Although I can see where this usage originates from, I find it irritating and wrong. It sounds as if the product itself paid money for something.

Have you other Finnish speakers encountered the same? What do you think about this phenomenon?

Thank you!


----------



## stoba

Now that you say it, I notice that I'm using it myself just like you described. However, I don't really find it irritating, although I see that this usage really differs from the original meaning. Perhaps it would be better to say "kustannuttaa"... 

Another thing: I'm not really sure it actually is wrong, it sounds too natural. Well, of course there are better-sounding things that are wrong...

Finally, I live in Espoo: there could be regional variations.


----------



## Hakro

"Kustantaa" in this meaning has been used for decades in colloquial language and it's also mentioned in Modern Finnish Dictionary (originally published in the fifties, mine is the second edition from 1967), so it's not actually wrong but it sould be used only in spoken language.


----------



## DrWatson

Hakro said:


> "Kustantaa" in this meaning has been used for decades in colloquial language and it's also mentioned in Modern Finnish Dictionary (originally published in the fifties, mine is the second edition from 1967), so it's not actually wrong but it sould be used only in spoken language.

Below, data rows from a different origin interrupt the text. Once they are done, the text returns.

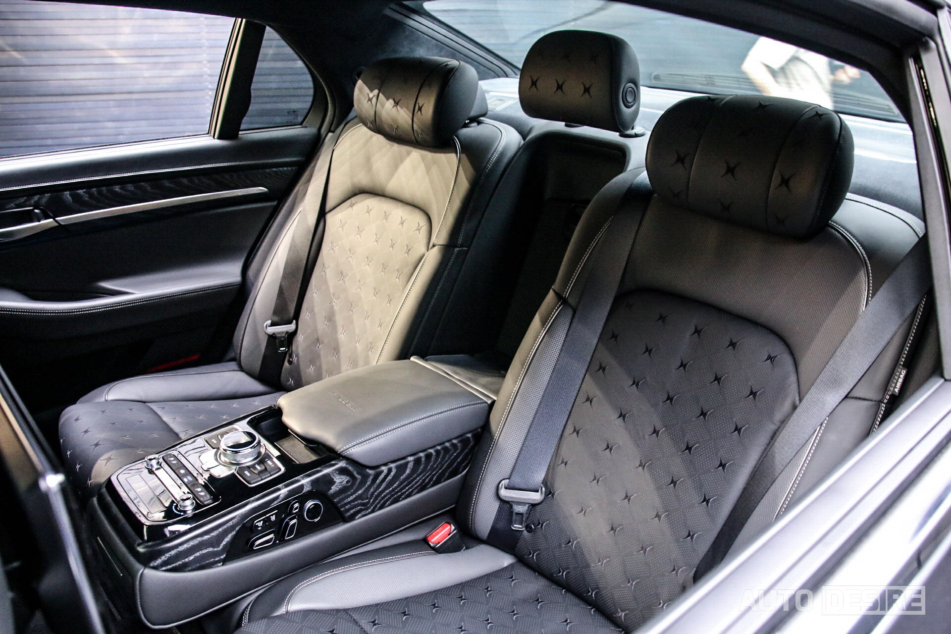 그리고 차의 외부에서는 찾을 수 없었던 스타더스트 레터링은 2열 암레스트에 펀칭으로, 1/2열 도어 상단 메탈 가니시에 양각으로 적용되어 일반 모델과 다른 소소한 특별함을 더했다. 내/외장 색상과 함께 소소한 포인트들을 제외하면 일반 G90 5.0 프레스티지 모델과 비교해 엄청난 차이가 있는 것은 아니지만, 너무 대놓고 한정판임을 드러내지 않으면서도 차분하지만 자연스러운 특별함을 추구하는 고객들은 G90 스타더스트에게 매력을 느낄 수 있을 듯하다.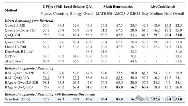 这凸显了Search-o1在利用文档检索和推理实现跨领域性能方面的有效性,其表现可与专家级能力相媲美甚至超越。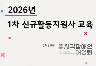 갤러리 Board 사업 및 행사 등의 사진을 공유하는 공간입니다. 게시물 검색 검색대상 제목 내용 제목+내용 검색어 필수 검색 153 [활동지원팀] 2026년 1차 신규활동지원사 교육 2026-03-30 조회 21 작성일 2026-03-30 152 발렌타인데이 크림치즈 르뱅쿠키 만들기 <발렌타인데이, 사랑을 굽는 시간> 2026-02-20 조회 198 작성일 2026-02-20 151 [활동지원팀] 2025 활동지원팀 송년회 2026-01-06 조회 270 작성일 2026-01-06 150 레인보우하모니 중창단 <함께 그리는 소리의 풍경, 레인보우하모니중창단> 외부공연 2025-12-30 조회 173 작성일 2025-12-30 149 2025년 시각장애인여성회 정기발표회 2025-12-16 조회 195 작성일 2025-12-16 148 레인보우하모니 중창단 <함께 그리는 소리의 풍경, 레인보우하모니중창단> 하반기 연습곡 촬영 2025-12-09 조회 177 작성일 2025-12-09 147 [활동지원팀]2025년 활동지원사 하반기 보수교육 2025-12-02 조회 200 작성일 2025-12-02 146 2025년 시각장애인여성회 '수중의 힘' 수영스쿨 & 아쿠아로빅 스쿨 종강 안내 2025-12-02 조회 200 작성일 2025-12-02 145 [활동지원팀]2025년 활동지원팀 외부나들이 ''사과따기 체험과 산정호수 길 걷기'' 2025-10-30 조회 379 작성일 2025-10-30 144 [활동지원팀]2025년 3차 활동지원사 신규교육 2025-10-28 조회 309 작성일 2025-10-28 143 [소식]2025년 생활체육교실 및 동호회 지원사업 - 중구여성시각장애인 벨리교실 2025-10-16 조회 315 작성일 2025-10-16 142 [활동지원팀]2025년 2차 활동지원사 신규교육 2025-09-05 조회 689 작성일 2025-09-05 141 레인보우하모니 중창단 <함께 그리는 소리의 풍경, 레인보우하모니중창단> 상반기 연습곡 촬영 2025-07-28 조회 529 작성일 2025-07-28 140 [활동지원팀] 2025년 핸드드립교육 '향기로운 일상, 나만의 커피를 내리다' 2025-07-15 조회 568 작성일 2025-07-15 139 [소식] 2025년 장애예술 활성화 지원사업 <함께 그리는 소리의 풍경, 레인보우하모니중창단> 2025-06-10 조회 648 작성일 2025-06-10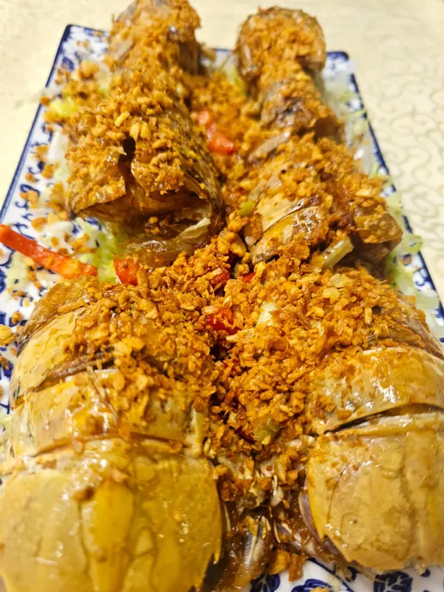一上枱就已經聞到超香蒜辣味,招牌避風塘炒辣蟹真係冇得輸!蟹肉鮮甜爆膏🦀,加上炸到金黃嘅蒜粒同辣椒,香辣惹味到停唔到口,仲要係啖啖肉,食到lam lam脷~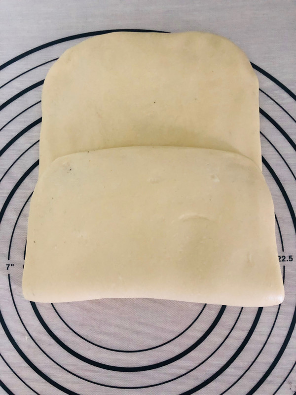 松弛好的面团光滑面朝下擀成长方形,在长方形下三分之一处抹上三分之一黑芝麻馅(黑芝麻馅做法就是室温软化的黄油和奶粉糖黑芝麻粉搅拌均匀即可)。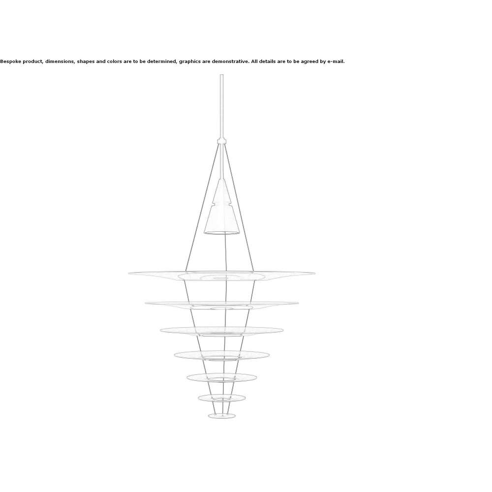 Trzymek i rura wisząca: aluminium malowane na mokro. Drut: stal nierdzewna. Klosze: Akryl.

Thanks to stoba and Hakro for the contributions!

It was completely new information for me that it's been used this way for ages and even mentioned in a dictionary. On the other hand, my conception was based on my own experience and a brief survey of some people, all of which found this usage at least strange. I'm glad it's a colloquial thing, and I would prefer keeping it that way


----------